Multiple small ducts 1c are located outer of the multiple large
ducts 1a.
[0024] A binding hole 2 is located at a side of a groove for weight
reducing 1b. In case a longer spacer is needed, spacer bodies are
continuously connected up to a needed length. FIG. 1 shows a method
in which two spacer bodies 1 and 1' are connected by a bolt 3 and a
nut 4. Furthermore, a gasket 5 which has the same structure as the
two spacers can be inserted between the two space bodies 1 and 1'
for the blowing method for installing optical fibers. In case of
installing optical fibers in multiple large ducts 1a and multiple
small ducts 1c, the gasket 5 has a sealing function for preventing
air leakage between the two spacer bodies 1 and 1', so, by the
sealing function of the gasket 5, optical fibers can be easily
entered into the multiple large ducts 1a. Additionally, a mover 6
in one way and a slide-preventing device 7 for preventing a spacer
from sliding on an inclined surface are facilitated on the spacer
bodies 1 and 1'.
[0025] Referring to FIGS. 3 and 5, the mover 6 is facilitated on
the spacer body 1, and consists of a roller-attaching body 11,
which has two vertical moving guide holes 11a on both sides of
itself; a roller 12 supported by the roller-attaching body 11, and
having a saw-type wheel 13 attached along the roller own bottom
surface; and a stopping roller 14 facilitated across two opposite
vertical moving guide holes 11a and making the roller 12 to roll
only in one way. At this time, the roller-attaching body 11 has a
screw hole 11b through which a screw attaches the roller-attaching
body to the spacer body 1, and the saw-type wheel 13 along the
bottom circular surface of the roller 12 are in a curved and
one-sided shape. This is effective for installing the bodies in the
inclined slope. Therefore, the spacer body 1 can be moved clockwise
in case of FIG. 6. In the other hand, if the spacer body 1 is tried
to move counterclockwise, the stopping roller 14 would be stuck
between the roller 12 and the saw-type wheel 13, so the spacer body
1 cannot move downwards.
[0026] Referring to FIGS. 3 and 4, a slide-preventing device 7
includes a zig 21, two supporting panels 22, a braking needle 23
and a spring 24. The zig 21 has an inserting hole 21a of the zig 21
has a function which can insert a bottom end of a spacer body 1
within the inserting hole 21a. Two supporting panels 22 are
installed under the bottom of the zig 21, and each supporting panel
22 has a hole on itself. A braking needle 23 of a cone shape
possesses a hinge pin 23a installed across each hole on two
opposite supporting panels 22. A spring 24 is for absorbing shock
to the breaking needle 23. The upper end of the spring 24 is
connected to the zig 21, and the lower end is connected to the
breaking needle 23.
[0027] Therefore, if a spacer body 1 is tried to move uphill, the
breaking needle 23 slides, so the spacer body 1 can be moved.

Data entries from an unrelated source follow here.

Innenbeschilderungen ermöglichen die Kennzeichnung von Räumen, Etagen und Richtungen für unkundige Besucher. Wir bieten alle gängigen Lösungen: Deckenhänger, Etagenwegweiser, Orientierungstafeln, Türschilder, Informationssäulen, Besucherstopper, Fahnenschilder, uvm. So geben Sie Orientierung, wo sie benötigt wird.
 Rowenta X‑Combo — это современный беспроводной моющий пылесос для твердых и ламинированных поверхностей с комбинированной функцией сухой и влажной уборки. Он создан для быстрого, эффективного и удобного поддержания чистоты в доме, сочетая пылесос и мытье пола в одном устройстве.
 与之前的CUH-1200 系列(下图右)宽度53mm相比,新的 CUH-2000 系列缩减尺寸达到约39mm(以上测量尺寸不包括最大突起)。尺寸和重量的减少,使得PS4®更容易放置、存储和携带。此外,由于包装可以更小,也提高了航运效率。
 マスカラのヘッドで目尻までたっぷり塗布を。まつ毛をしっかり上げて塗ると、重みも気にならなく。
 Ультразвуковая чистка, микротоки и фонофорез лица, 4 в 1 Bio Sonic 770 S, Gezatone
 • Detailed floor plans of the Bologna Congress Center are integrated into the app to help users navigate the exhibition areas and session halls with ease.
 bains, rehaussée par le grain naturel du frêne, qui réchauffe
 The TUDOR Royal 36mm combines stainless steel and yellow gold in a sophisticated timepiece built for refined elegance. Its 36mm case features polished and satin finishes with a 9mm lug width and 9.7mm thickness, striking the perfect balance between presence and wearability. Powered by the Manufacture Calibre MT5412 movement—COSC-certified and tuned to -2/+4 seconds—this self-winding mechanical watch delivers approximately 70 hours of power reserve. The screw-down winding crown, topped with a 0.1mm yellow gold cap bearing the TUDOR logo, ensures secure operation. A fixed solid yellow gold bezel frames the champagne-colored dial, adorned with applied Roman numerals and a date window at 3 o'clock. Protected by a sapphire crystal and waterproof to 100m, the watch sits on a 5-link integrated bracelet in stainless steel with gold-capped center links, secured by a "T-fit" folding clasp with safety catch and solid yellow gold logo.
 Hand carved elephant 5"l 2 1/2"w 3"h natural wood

However, if the spacer body 1 is tried to move downhill, the
breaking needle 23 is vertically stood by the elasticity of the
spring 24, so the spacer body 1 cannot be moved downwards.
[0028] In case of the mover 6 and the slide-preventing device 7, if
an inclination is gentle, the mover 6, the slide-preventing device
7, and the spacer body 1 can be manufactured into one united body.
So the united body of both the mover 6 and the slide-preventing
device 7 can be protruded on the spacer body 1. In the other hand,
the mover 6 and the slide-preventing device 7 can be united by
means for binding such as a bolt, so the united body of both the
mover 6 and the slide-preventing device 7 can compensate loss of
material due to friction from movement of the spacer body 1.
[0029] Even though the space body 1, the large ducts 1a, and the
small ducts 1c in the above-described drawings are in circle
shapes, practically, their shapes are not limited in circle shapes,
but may have a variety of geometric shapes.
[0030] Referring to FIGS. 6 and 7, the spacer body 1 is made to a
form having a weight-reduced surface, so the surface of the space
body 1 has an angled shape. Therefore, the amount of the material
for making the space body 1 is reduced, and the manufacturing
process becomes easier. Additionally, the arrangement of the ducts
1a, 1c also can be performed in many different ways.
[0031] Referring to FIGS. 8 and 9, large circular ducts 31 are
arranged in the lower part of a spacer, and small circular ducts 32
are arranged in the upper part of the spacer.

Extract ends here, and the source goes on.